Monday, May 12, 2014

Online Response 3: The Expository Mode and The Fog of War

When Robert McNamara is shown in The Fog of War, his footage is used to interesting effect: he is shown generally at the time of his tenure as the Secretary of Defense and then later as a narrator for his own life, a clarifying force to impose some kind of order on a past that was anything but coherent, ordinary.

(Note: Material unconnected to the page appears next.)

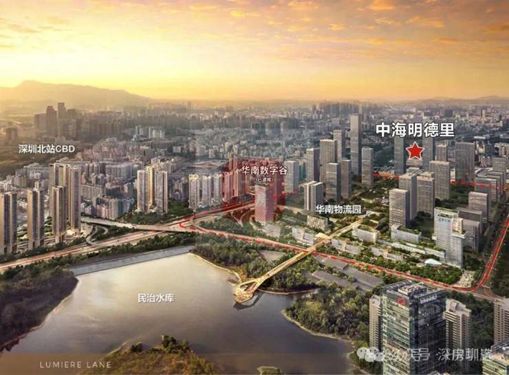 2)北站国际商务区,深圳六大总部基地之一,高投入打造国际化城市会客厅;项目距离深圳北站直线约2公里,所在民治街道是龙华目前发展的核心区域;

Fog of War doesn’t utilize much of what Barnouw describes as the voice of the “promoter,” that is, if we are to consider the promoter as the sponsor of the film. In this case, McNamara seems to be pleading a case for human decency and allowance for human folly, claiming his mistakes were the only ways for him to learn. To further his argument, he lays out the “eleven rules of war” as if he were the discoverer of each of these principles.
Inherent in Fog of War, though, is the use of the voice of the “Promoter,” as Barnouw puts it, where the director of the documentary’s voice is evident in the expository tone of the film. The director of the film is seldom heard in interview sessions, but his influence is undeniable in the way the film cuts between explanations of the past from McNamara’s perspective juxtaposed with, say, archival B-roll footage of a converted howitzer firing a nuclear shell.

The director in this film may not say much directly, but through the process of interviewing, then editing and re-cutting this footage his quiet voice is the one that shapes the entire film, and to a large degree how we perceive it.

I don’t really know if the expository mode is less “objective” than the observational mode. It seems to me while observational films might seem more objective, the camera is more concealed—not from the subjects in a film, but from the audience.  The effect on a situation being filmed might be the same, but audiences might perceive the expository being less “honest” because the camera and director are simply more evident.